Shoulders hunched, Frank's hands were pressed together in front of his face pointing in the direction he was headed. The gap between the two widened; however, the rift closed immediately once he stepped past. The couple resigned to the fact, in the wake of the ireful undertow, that they were forever prone to impassionedness. Their mimicked wry smirk indicated their mutual fate, which they were familiar.

Celia noticed Frank's upstream wriggling. She chuckled when his fatigue caused him to apologize profusely after he brushed elbows with her rival's partner. Celia interrupted the mea culpa and pulled Frank aside by the wrist.

"I can't believe this place is so packed," she brimmed with mirth. She smiled, flattening her upper lip and aimed her champion visage at the intended.

Frank revealed that he did not fare well in large gatherings.

"From what I've seen, you're not a fan of small groups in elevators, either."

"So you noticed."

"Yes, I did. Let's work on that beer-buzz. My treat on Brian's tab."

"Seltzer with lime will do for now, thanks."
Celia ordered two of the same, and was fine with the lemon substitute.

While giving him the refreshment, "can I ask you a question? Are you a lightweight? Because Brian is a heavyweight."

"He's an art consultant/curator, right?"

"No. I mean, yes. Sort of. Brian likes to drink is what I meant to say."

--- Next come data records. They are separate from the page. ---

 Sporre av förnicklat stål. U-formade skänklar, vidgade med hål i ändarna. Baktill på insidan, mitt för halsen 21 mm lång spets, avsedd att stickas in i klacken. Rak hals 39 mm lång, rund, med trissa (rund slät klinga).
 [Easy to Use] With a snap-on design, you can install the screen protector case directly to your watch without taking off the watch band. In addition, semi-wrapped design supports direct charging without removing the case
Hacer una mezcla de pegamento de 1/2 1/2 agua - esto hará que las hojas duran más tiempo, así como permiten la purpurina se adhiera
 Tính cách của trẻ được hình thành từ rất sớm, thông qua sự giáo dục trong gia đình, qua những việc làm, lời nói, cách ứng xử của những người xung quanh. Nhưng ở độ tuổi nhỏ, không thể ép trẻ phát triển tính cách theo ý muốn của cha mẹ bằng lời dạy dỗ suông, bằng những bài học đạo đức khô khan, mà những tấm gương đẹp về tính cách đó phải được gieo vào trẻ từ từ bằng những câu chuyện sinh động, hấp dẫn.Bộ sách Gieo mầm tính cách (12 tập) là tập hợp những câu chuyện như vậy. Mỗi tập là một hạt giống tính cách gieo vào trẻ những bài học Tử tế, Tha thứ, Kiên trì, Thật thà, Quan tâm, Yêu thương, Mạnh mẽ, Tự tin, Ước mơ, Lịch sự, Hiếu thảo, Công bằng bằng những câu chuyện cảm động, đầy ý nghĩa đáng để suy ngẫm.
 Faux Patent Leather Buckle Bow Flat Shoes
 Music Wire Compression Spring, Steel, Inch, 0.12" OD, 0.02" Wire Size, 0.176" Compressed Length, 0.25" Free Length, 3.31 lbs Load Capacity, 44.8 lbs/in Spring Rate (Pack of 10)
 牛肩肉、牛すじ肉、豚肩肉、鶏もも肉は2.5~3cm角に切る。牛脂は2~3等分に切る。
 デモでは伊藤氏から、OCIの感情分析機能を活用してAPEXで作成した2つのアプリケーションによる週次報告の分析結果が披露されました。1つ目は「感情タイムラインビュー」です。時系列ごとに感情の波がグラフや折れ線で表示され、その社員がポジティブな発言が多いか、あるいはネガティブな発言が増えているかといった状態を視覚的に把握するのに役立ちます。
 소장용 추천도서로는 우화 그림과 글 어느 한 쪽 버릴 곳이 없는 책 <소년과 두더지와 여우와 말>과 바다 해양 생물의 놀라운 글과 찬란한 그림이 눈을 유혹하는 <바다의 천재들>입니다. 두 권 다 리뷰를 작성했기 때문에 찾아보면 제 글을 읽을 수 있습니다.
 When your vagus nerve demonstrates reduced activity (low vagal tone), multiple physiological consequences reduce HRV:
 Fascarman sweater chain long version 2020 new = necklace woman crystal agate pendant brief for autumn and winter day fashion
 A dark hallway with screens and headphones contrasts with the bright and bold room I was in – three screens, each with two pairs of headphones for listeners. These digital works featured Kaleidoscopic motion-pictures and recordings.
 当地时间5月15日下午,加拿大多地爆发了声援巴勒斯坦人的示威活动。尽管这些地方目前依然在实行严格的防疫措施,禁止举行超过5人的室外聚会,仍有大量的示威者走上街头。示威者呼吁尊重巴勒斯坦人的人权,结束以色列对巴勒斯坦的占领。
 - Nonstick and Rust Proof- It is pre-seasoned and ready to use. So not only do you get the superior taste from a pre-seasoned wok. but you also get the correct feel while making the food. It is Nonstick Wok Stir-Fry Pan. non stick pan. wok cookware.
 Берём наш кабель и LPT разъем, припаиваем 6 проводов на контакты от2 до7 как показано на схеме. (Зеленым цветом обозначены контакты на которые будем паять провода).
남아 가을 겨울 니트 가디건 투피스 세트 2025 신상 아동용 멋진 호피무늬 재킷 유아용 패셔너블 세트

Frank was a bit put off that Celia did not follow his complimentary attempt to change the subject. He hoped she would be more amenable to providing insight on Brian's professional practice. He took a sip to ponder the awkward moment.

Celia held the plastic glass to her lips. Out of the corner of her eye she saw the taunting woman with her husband in line purchasing a drink. The woman made a friendly salutation.

"Brian went outside to make a phone call. Let's catch up with him. We shouldn't talk businesses anyhow."

Frank tossed his empty glass into the receptacle as did Celia place the liquid container without a splash.

Brian got their attention when they exited the building. He was standing with his back to the facade.

"You two having fun," he joked.

"How's he doing," asked Celia jealously.

Brian sniffed. Thinking before he spoke, "Fine. We will be meeting a colleague of mine after the concert. Frank, what do you think thus far?"

"I found the atonal singing accompanied with the tonal guitar licks phenomenal. I wish I could've translated the lyrics so that my understanding wouldn't have been so abstract."

Brian exhaled a laugh at Frank's bluff, then commented, "So if I understand you correctly, what you're saying is ‘if you knew you were coming, you would've baked a cake?' Is that the crux of your subtextual comprehension theory?"

"Cante Gitano Flamenco is a traditional Spanish form of music centuries old with various styles and metric combinations, if you haven't noticed by the rhythmic clapping," explained Celia. "I started taking flamenco dance lessons a couple months ago. That's, that's why I purchased the tickets."

Brian rolled his eyes at Celia's cultural edification attempt.

"How's your seat in the nose bleeds," hectored Brian.

"The altitude is fine. There's plenty of breathing room. The audio is fantastic, which is great because there wasn't much to see on the stage. Thanks for the ticket."

"My pressure. Perhaps we should go up before the rush of the pack."

Frank bowed his cranium in obeisance.

Celia knew that Brian was being his cantankerous self. She wished he offered to sit in the balcony. At least then she would be able to sit with someone more receptive to the program.

Brian entered the Hall. Frank stepped forward. Celia tugged his sleeve and gave him a worried look, which he interpreted to mean that he was being discourteous.

"Sorry. After you."

The lobby lights wavered dim-bright, dim-bright, dim.